Boston was ummm interesting.

I'll leave it at that and let sleeping dogs lie. But OlSalt didn't touch on half of it !

I'm hoping to be going to DC this year, although finances may be dictating otherwise 

(Last year I was my club's "officially sponsored" attendee, but that was just the cost of the 3 day pass, not the flight\hotel, since I live just outside Boston - I don't think we'll be doing that this year)

But as I was saying - it does sound like an awesome weekend, and I am hoping to be there ! Last year I not only met alot of the people in the industry, but alot of the people I've met in online forums like this one as well. Its always cool to "meet" somebody in person that you've been talking with for years online.


----------



## TheOldSalt (Jan 28, 2005)

Yeah, that does rock.


----------



## Larry-T (Jan 18, 2005)

Well, I'll certainly be there.

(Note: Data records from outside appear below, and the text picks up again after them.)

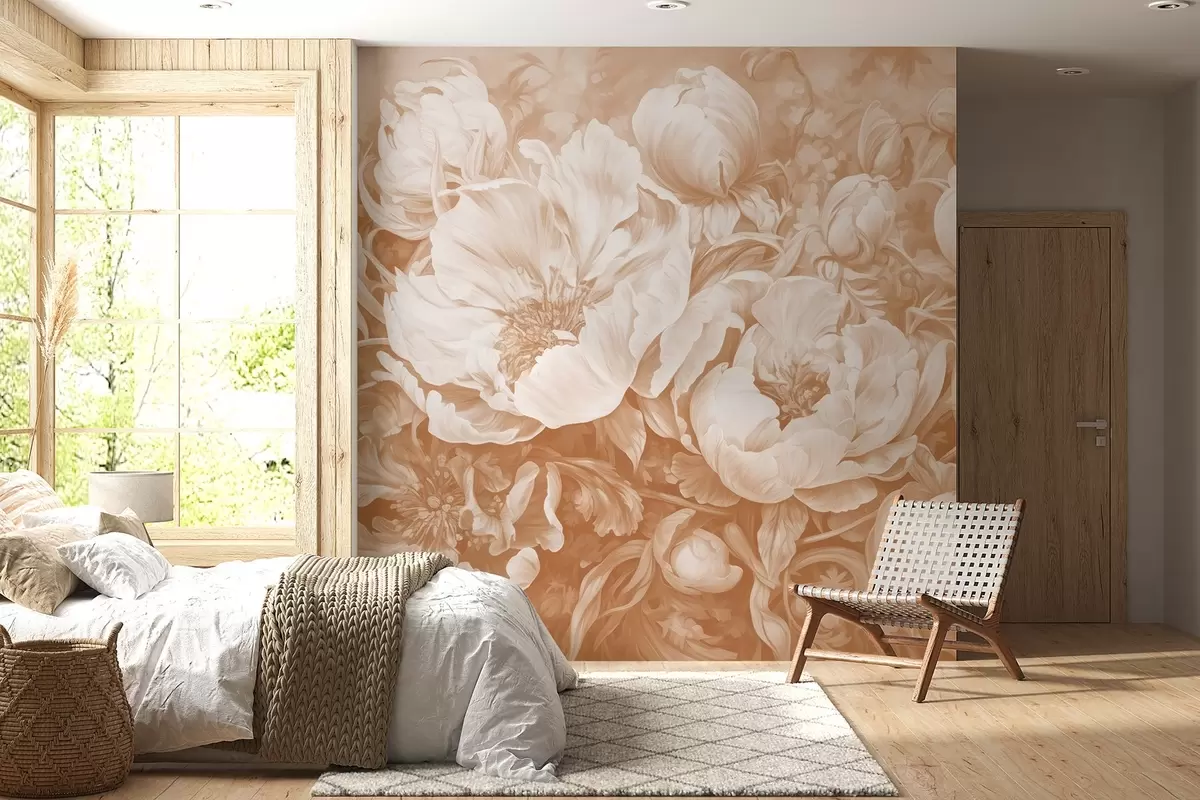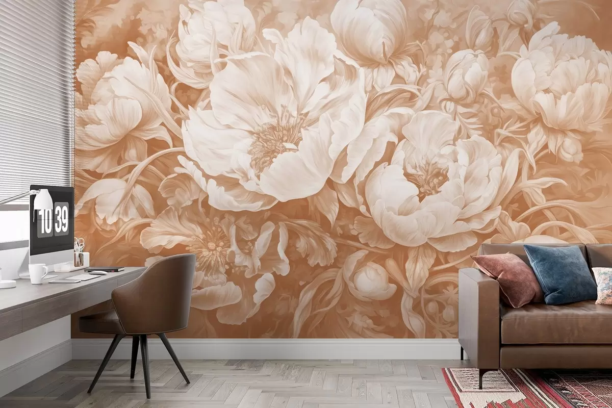 Murais de parede Tulipas e peônias, uma composição floral em estilo pincelada a óleo bege Nr. w08817v1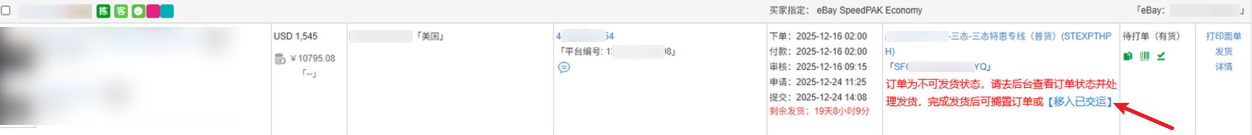 订单—eBay订单提交发货报错:订单为不可发货状态,请去后台查看订单状态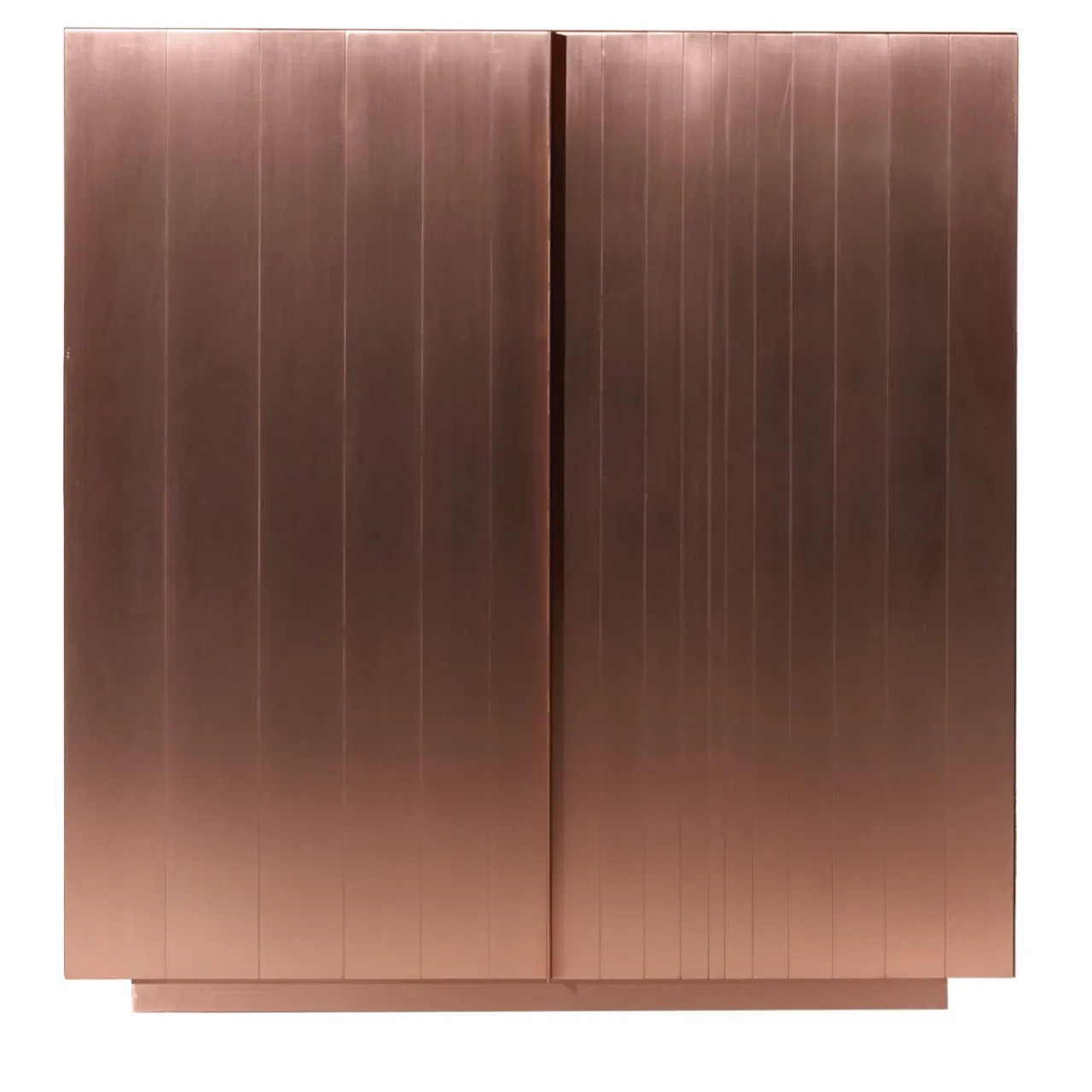 Un pezzo straordinario che si abbina perfettamente alle case industrial-chic, questa maestosa credenza è abilmente lavorata e rifinita a mano. Il mobile interno impiallacciato in legno con finitura noce è dotato di tre cassetti e un ripiano, mentre il guscio esterno presenta strisce di rame satinato di straordinario fascino visivo.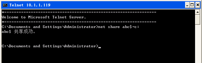 (9)登录后便可进行共享等相关操作,net share建立c$共享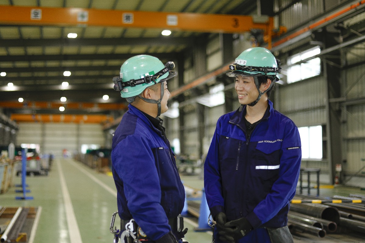 入社当初は溶接に興味を持っていたが、ジョブローテーションで各部署を研修するなかでプラントでの作業に面白みを感じたという川﨑さん。「最初に大石工作所の全容を知ることができよかったです。自分は体を動かすのが好きなので、現場仕事が合っていると思いました」と志望し菊本営業所に配属された。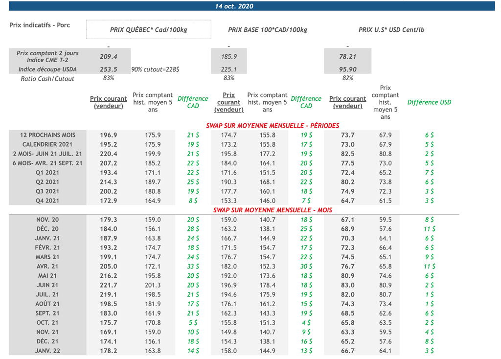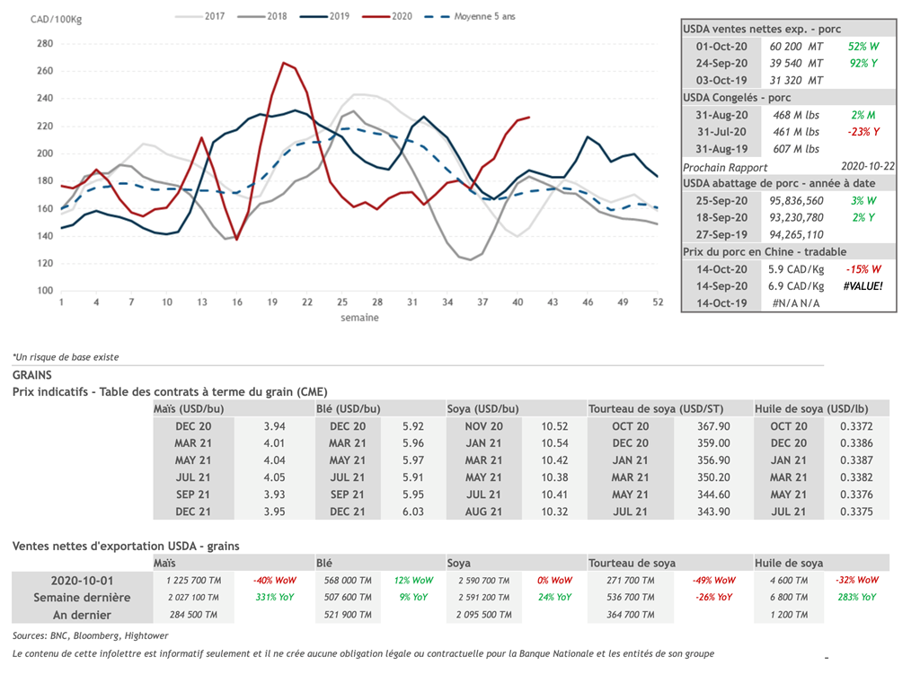 • Journée mixte hier pour les contrats de porcs, on note une hausse modérée des prix sur les mois d'avr. à oct-21. Le contrat d'oct.-20 est prévu pour expirer aujourd'hui et s'est arrêté à 77,80 cents U.S./lb à la fermeture d'hier alors que l'indice CME lean hog se positionne à 78,21 cents U.S./lb.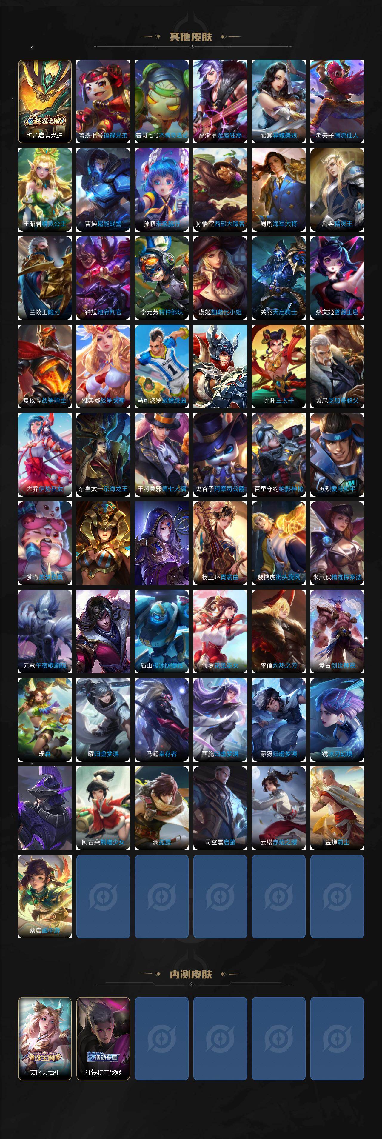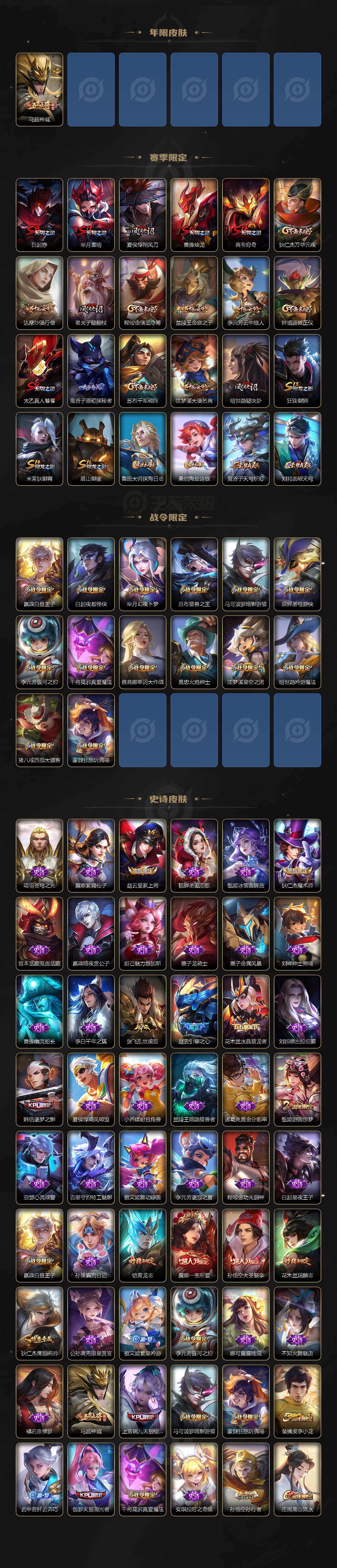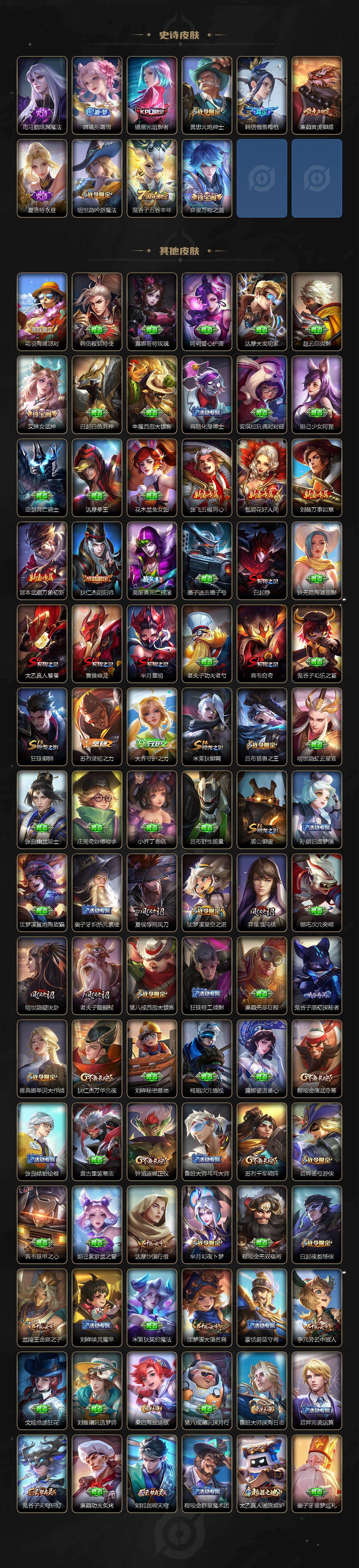 【限定皮肤】:白起狰,狄仁杰阴阳师,廉颇寅虎御盾,赵云皇家上将,赵云引擎之心,嬴政白昼王子,孙尚香异界灵契,鲁班七号寅虎瑞焰,庄周高山流水,高渐离死亡摇滚,白起夜都怪侠,芈月重明,芈月幻夜卜梦,吕布猎兽之王,夏侯惇朔风刀,甄姬游园惊梦,曹操烛龙,典韦穷奇,马可波罗暗影游猎,狄仁杰魔术师,狄仁杰万华元夜,达摩沙漠行僧,项羽海滩派对,老夫子醍醐杖,程咬金演武夺筹,露娜一生所爱,韩信逐梦之影,韩信傲雪梅枪,兰陵王金庭之子,花木兰瑞麟志,孙悟空大圣娶亲,孙悟空孙行者,后羿圣弓游侠,李元芳银河之约,李元芳云中旅人,虞姬启明星使,钟馗驱傩正仪,干将莫邪真爱魔法,雅典娜单词大作战,蔡文姬繁星吟游,太乙真人饕餮,鬼谷子原初探秘者,鬼谷子五谷丰年,黄忠火炮绅士,铠青龙志,苏烈千军破阵,百里玄策白虎志,弈星混沌棋,沈梦溪星空之诺,沈梦溪大漠名商,明世隐疑决卦,明世隐吟游魔法,裴擒虎李小龙,裴擒虎寅虎赤拳,狂铁御狮,米莱狄御霄,云中君纤云弄巧,伽罗天狼溯光者,盾山御銮,猪八戒西部大镖客,上官婉儿天狼绘梦者,嫦娥拒霜思,曜李逍遥 ,蒙犽狂想玩偶喵,鲁班大师探海日志,镜匿光追影者,桑启海盐诗旅,艾琳女武神,鬼谷子天穹祈灯,刘邦剑破天穹,程咬金群星魔术团

I've been asked to do a workshop for teachers on designing educational programs around maintaining a tank in the classroom.


----------



## redpaulhus (Jan 18, 2005)

Very cool (the teachers workshop).

I really like how they arranged some of the speakers to have solo time slots (I guess its impossible to have that many speakers in 3 days and not overlap at least some) and how they delineated the other speakers into groups of programs.


----------